Выбрать главу

- Мне одно непонятно... Наверное, полиция побывала у нас дома. Только у моих родителей да у тетки, живущей в провинции, имеется такая фотография...

Он даже воодушевился. Он становился, в свою очередь, важной персоной.

"...Полиция проявляет прежнюю сдержанность, но нам стало известно, что она напала на серьезный след, и скоро Дьедонне Фершо и его секретарь будут обнаружены".

Неужто Фершо стал нервничать из-за такого вот короткого сообщения? Может быть, из-за другой информации?
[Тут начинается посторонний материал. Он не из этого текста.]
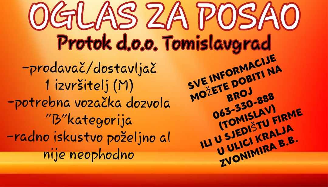 Protok d.o.o. Tomislavgrad zapošljava jednoga prodavača/dostavljača.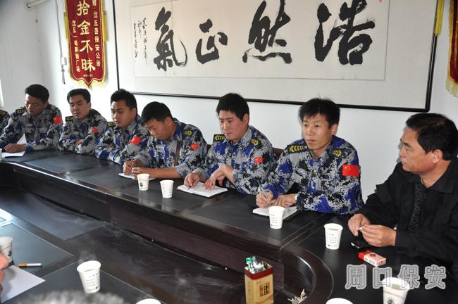 10月18日上午,保安公司在沈丘召开第四季度押运比武练兵部署工作现场会,公司总经理助理、办公室主任耿学争、守押中心主任韩春堂、综合资源部主任石兆华、沈丘分公司经理李清、商水分公司经理杨书杰、郸城分公司经理宋祥灵及公司各押运大队大队长等参加了会议。

"ТОЛПА ОСАЖДАЕТ ФИЛИАЛ "КОКОЛУ" НА БУЛЬВАРЕ ОСМАНА".

"Вчера, во второй половине дня, напротив филиала "Коколу", колониальной компании, которой заправляли братья Фершо, состоялась демонстрация, на которую собралось так много людей, что власти были вынуждены пустить в ход мобильную гвардию. Мелкие вкладчики и акционеры натолкнулись там на запертые двери. В пятом часу вечера толпа забросала стекла камнями, и с этого момента имели место такие акты насилия, что..."

- Что вы намерены предпринять?

Мишель спокойно смотрел на него. Он его судил. Он ожидал от человека, с которым связал свою судьбу, какого-то решения.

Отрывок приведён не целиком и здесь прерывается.